> _Exercise_
Copy out the data exactly as it appears, without a single image.

> _Supplied information_
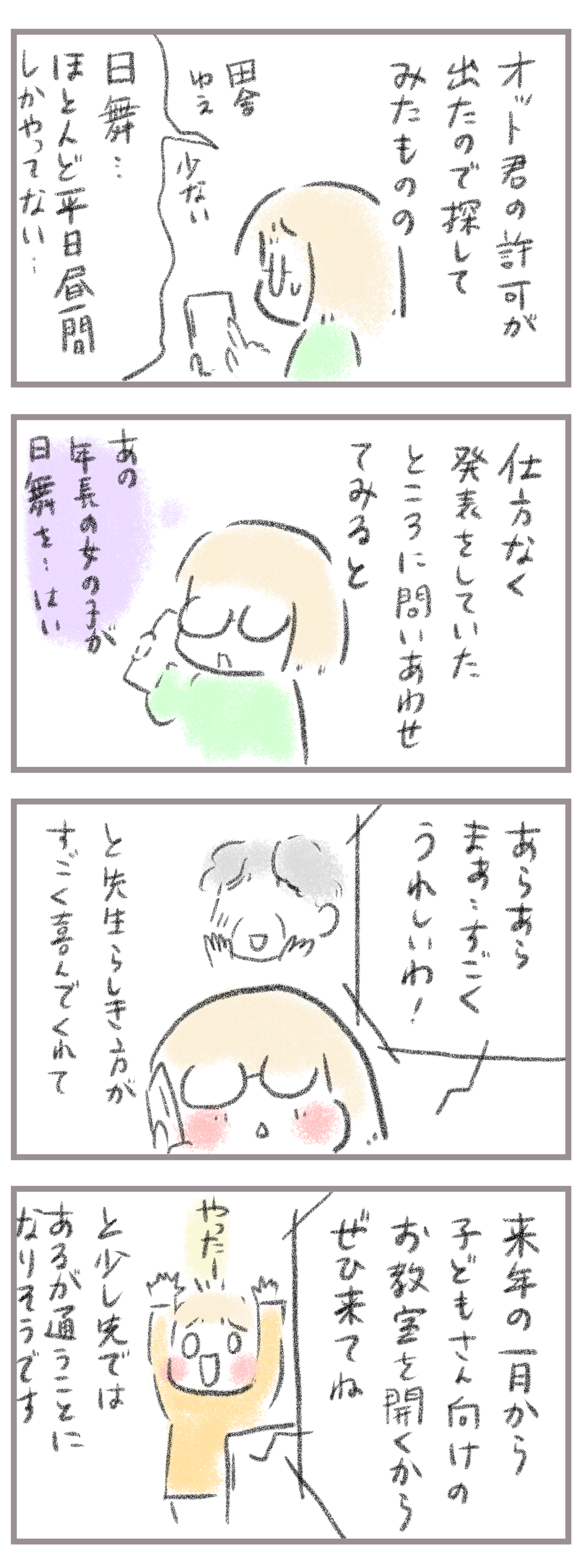 親が驚く次女の女子力3(完) 2023年11月09日 来てくださってありがとうございます。8歳(小3)イチカと6歳(年長)ニコ、姉妹の母です。次女が日舞をやりたいと言い出したわけですが…その続きのお話です初めのお話 ↓ 前のお話↓ 日舞ですが、うちの近くは平日昼間のお稽古が多くてなかなか夕方以降の時間がない…遠 ... 続きを読む 来てくださってありがとうございます。8歳(小3)イチカと6歳(年長)ニコ、姉妹の母です。次女が日舞をやりたいと言い出したわけですが…その続きのお話です初めのお話 ↓ 前のお話↓ 日舞ですが、うちの近くは平日昼間のお稽古が多くてなかなか夕方以降の時間がない…遠方だとこれから小学生になる次女にとっては負担になる…色々考えてとりあえず最初にみた発表会の日舞団体に連絡をとっていただきそこから先生に繋いでいただきました。ものすごく気さくな先生で次女が習いたいというとすごく喜んでくれてただ今の時間はやはり平日昼間。しかも人がいっぱいで入れない。そこで来年度から始める子ども日舞教室に来ませんか、とお誘いしてもらえることになりました。次女大喜び。ちょっと間は開くけれども無事日舞に触れる機会が得られそうでよかったな、と思います。またその頃どんな感じなのかの記事が書けたらいいな〜なんて。子ども、いろんなことに目覚めていきますね(衝撃____________________姉妹ピアノインスタ作りました!長女のピアノ↓ 事情によりお子さんがピアノをやっている方のみの閲覧に変更しました次女のピアノ↓こちらはみなさん閲覧できる状態にしてます。↑ブログリーダーは2023年12月末終了します。よければそれに変わるアプリ登録ができるようになっていますので登録していただければ、と思います↓ ランキングに参加中よかったら一日一 回ぽちお願いします。にほんブログ村 タグ :#次女#年長#日舞#女子力
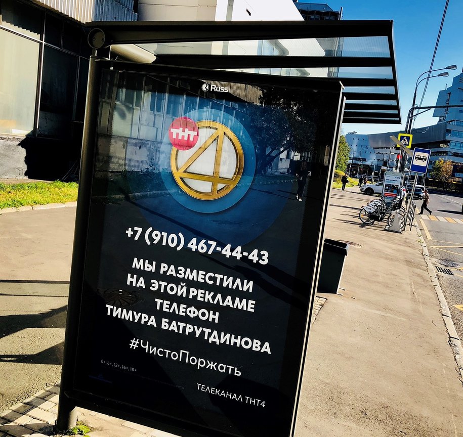 Рекламные щиты канала, на которых написан телефонный номер резидента Comedy Club Тимура Батрутдинова, появились в Москве в конце прошлой недели. Каждый дозвонившийся услышит автоответчик, который голосом артиста начнёт возмущаться, что ему звонит кто попало, назовёт баннер телеканала «тупой рекламой», и только потом анонсирует премьеру первого сезона шоу «ХБ» c 8 октября на ТНТ4.
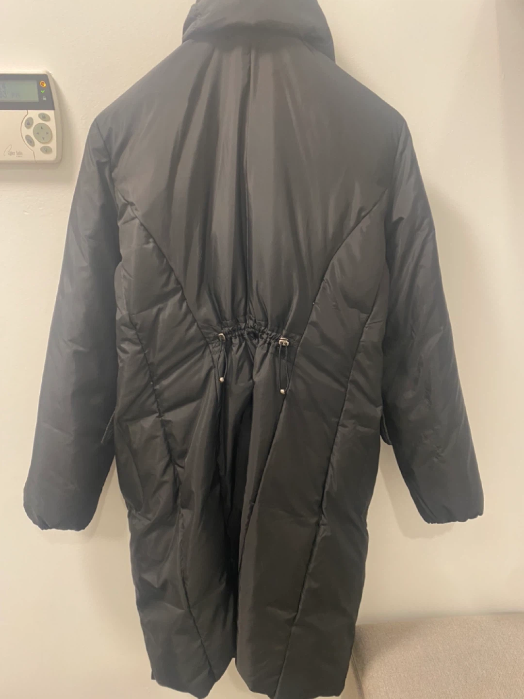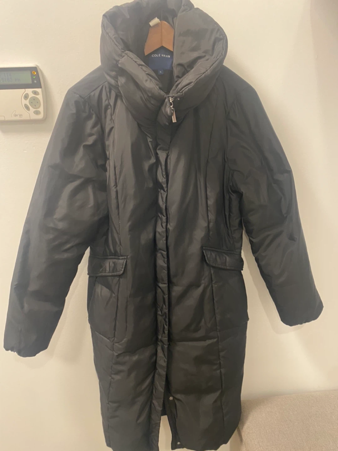 Here's a Cole Haan black down puffer coat in great condition! It's a stylish and warm choice for the colder months.
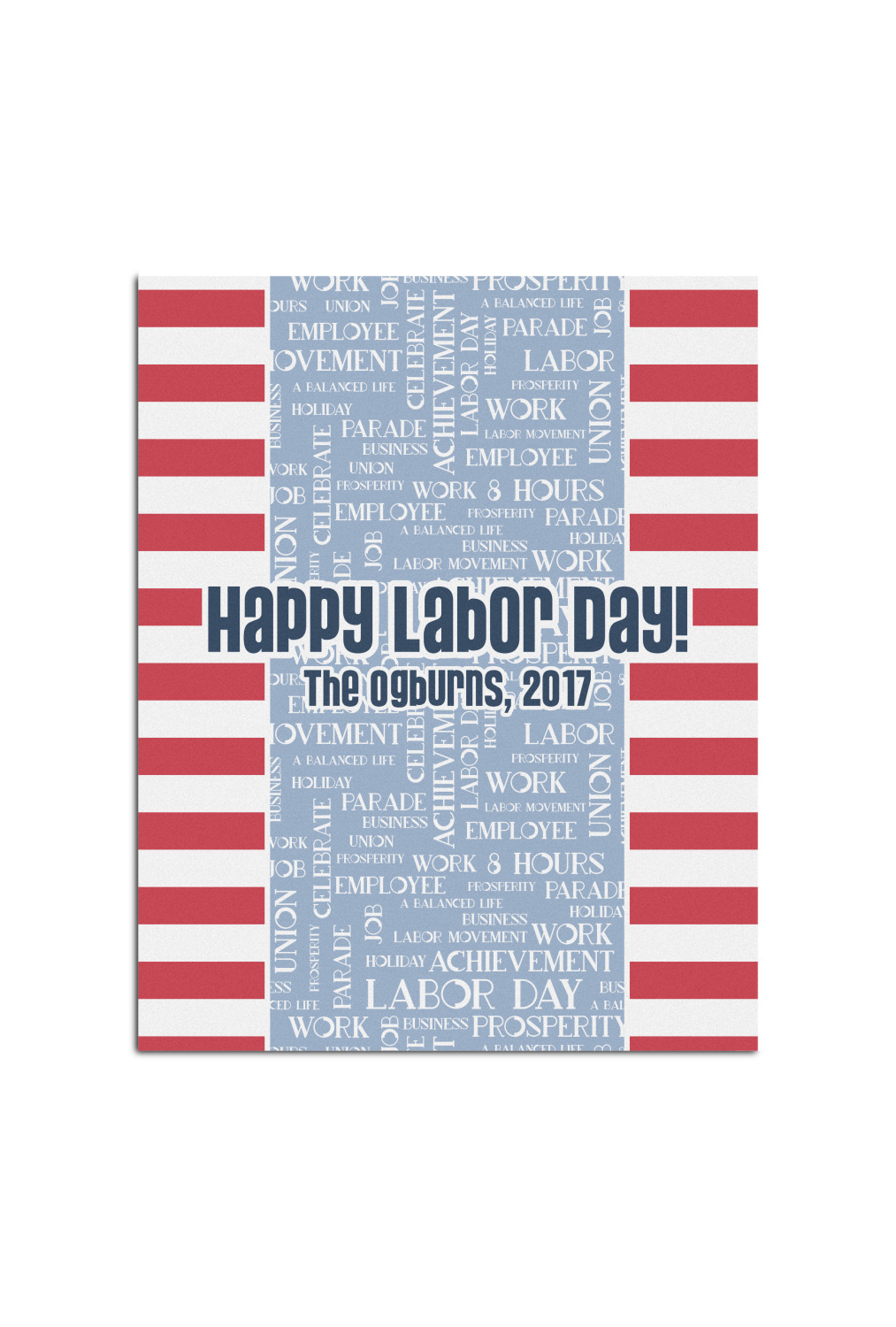 This Labor Design is a fun bright red and a subtle light blue, with white accenting all around. A red and white striped pattern is used, as well as a light blue pattern with a white word cloud on it. The word cloud pattern is a combination of themed words having to do with Labor Day, like "work," "prosperity," and "Labor Day." The red and white striped pattern is used on either side of the word cloud pattern, creating a three-part design.
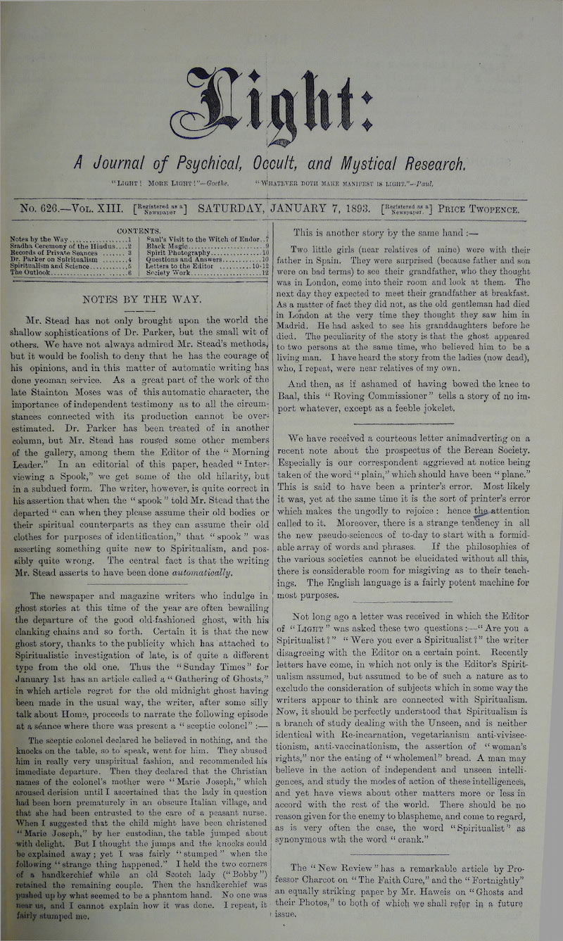Corporate author: British National Association of Spiritualists / Central Association of Spiritualists / London Spiritualist Alliance (1884) / College of Psychic Science / College of Psychic Studies1/1, January 8, 1881-current. Originally 10s 10d a year, 2p a copy, then 13s a year. 8-12 pp. (varies) Founded by Dawson Rogers and W. Stainton Moses after the British National Association of Spiritualists fell into disarray and discord, along with The Spiritualist Newspaper which had been its de facto organ. For a time the small monthly Spiritual Notes served that purpose, and then Rogers and Moses and other like-minded spiritualists started this journal for their wing of the BNAS, the Central Association of Spiritualists. At first it appeared alongside the Spiritualist. The Eclectic Publishing Company which originally published the journal was funded by the sale of 2,000 shares at one pound each. When the journal ran into financial problems in the 1890s it was rescued by Arthur Conan Doyle, who made substantial anonymous gifts (and later edited the journal for a period). This was the preeminent spiritualist journal in England for more than a century, directed, unlike its contemporaries the Medium and Daybreak and The Two Worlds, more to the educated, less avowedly Christian and more urbane classes of London than to working-class or provincial audiences. At various times between its inception and World War I, the circulation of the journal is estimated to have been in the range of 5,000-7,500, though that number is based on extrapolation from donations reported in the journal and the actual number is probably lower. LOC; NYPL; Boston Public Library; University of Illinois; Harvard University; Ohio State University; Brown University; University of Texas, Austin; Stanford University, and other locations.
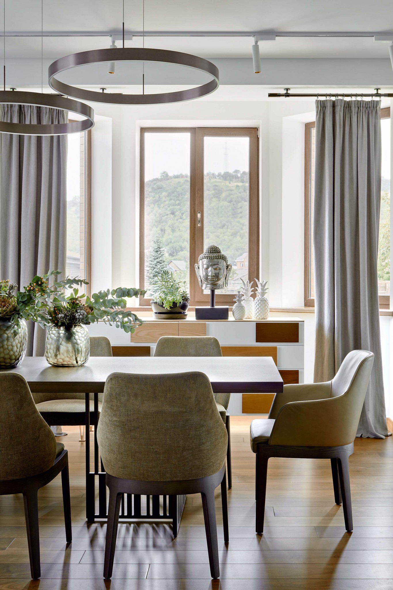 На создание этого современного, минималистского интерьера Максима Гаевского вдохновили природа и панорамные виды

> _Response to this task_
 親が驚く次女の女子力3(完) 2023年11月09日 来てくださってありがとうございます。8歳(小3)イチカと6歳(年長)ニコ、姉妹の母です。次女が日舞をやりたいと言い出したわけですが…その続きのお話です初めのお話 ↓ 前のお話↓ 日舞ですが、うちの近くは平日昼間のお稽古が多くてなかなか夕方以降の時間がない…遠 ... 続きを読む 来てくださってありがとうございます。8歳(小3)イチカと6歳(年長)ニコ、姉妹の母です。次女が日舞をやりたいと言い出したわけですが…その続きのお話です初めのお話 ↓ 前のお話↓ 日舞ですが、うちの近くは平日昼間のお稽古が多くてなかなか夕方以降の時間がない…遠方だとこれから小学生になる次女にとっては負担になる…色々考えてとりあえず最初にみた発表会の日舞団体に連絡をとっていただきそこから先生に繋いでいただきました。ものすごく気さくな先生で次女が習いたいというとすごく喜んでくれてただ今の時間はやはり平日昼間。しかも人がいっぱいで入れない。そこで来年度から始める子ども日舞教室に来ませんか、とお誘いしてもらえることになりました。次女大喜び。ちょっと間は開くけれども無事日舞に触れる機会が得られそうでよかったな、と思います。またその頃どんな感じなのかの記事が書けたらいいな〜なんて。子ども、いろんなことに目覚めていきますね(衝撃____________________姉妹ピアノインスタ作りました!長女のピアノ↓ 事情によりお子さんがピアノをやっている方のみの閲覧に変更しました次女のピアノ↓こちらはみなさん閲覧できる状態にしてます。↑ブログリーダーは2023年12月末終了します。よければそれに変わるアプリ登録ができるようになっていますので登録していただければ、と思います↓ ランキングに参加中よかったら一日一 回ぽちお願いします。にほんブログ村 タグ :#次女#年長#日舞#女子力
 Рекламные щиты канала, на которых написан телефонный номер резидента Comedy Club Тимура Батрутдинова, появились в Москве в конце прошлой недели. Каждый дозвонившийся услышит автоответчик, который голосом артиста начнёт возмущаться, что ему звонит кто попало, назовёт баннер телеканала «тупой рекламой», и только потом анонсирует премьеру первого сезона шоу «ХБ» c 8 октября на ТНТ4.
 Here's a Cole Haan black down puffer coat in great condition! It's a stylish and warm choice for the colder months.
 This Labor Design is a fun bright red and a subtle light blue, with white accenting all around. A red and white striped pattern is used, as well as a light blue pattern with a white word cloud on it. The word cloud pattern is a combination of themed words having to do with Labor Day, like "work," "prosperity," and "Labor Day." The red and white striped pattern is used on either side of the word cloud pattern, creating a three-part design.
Corporate author: British National Association of Spiritualists / Central Association of Spiritualists / London Spiritualist Alliance (1884) / College of Psychic Science / College of Psychic Studies1/1, January 8, 1881-current. Originally 10s 10d a year, 2p a copy, then 13s a year. 8-12 pp. (varies) Founded by Dawson Rogers and W. Stainton Moses after the British National Association of Spiritualists fell into disarray and discord, along with The Spiritualist Newspaper which had been its de facto organ. For a time the small monthly Spiritual Notes served that purpose, and then Rogers and Moses and other like-minded spiritualists started this journal for their wing of the BNAS, the Central Association of Spiritualists. At first it appeared alongside the Spiritualist. The Eclectic Publishing Company which originally published the journal was funded by the sale of 2,000 shares at one pound each. When the journal ran into financial problems in the 1890s it was rescued by Arthur Conan Doyle, who made substantial anonymous gifts (and later edited the journal for a period). This was the preeminent spiritualist journal in England for more than a century, directed, unlike its contemporaries the Medium and Daybreak and The Two Worlds, more to the educated, less avowedly Christian and more urbane classes of London than to working-class or provincial audiences. At various times between its inception and World War I, the circulation of the journal is estimated to have been in the range of 5,000-7,500, though that number is based on extrapolation from donations reported in the journal and the actual number is probably lower. LOC; NYPL; Boston Public Library; University of Illinois; Harvard University; Ohio State University; Brown University; University of Texas, Austin; Stanford University, and other locations.
 На создание этого современного, минималистского интерьера Максима Гаевского вдохновили природа и панорамные виды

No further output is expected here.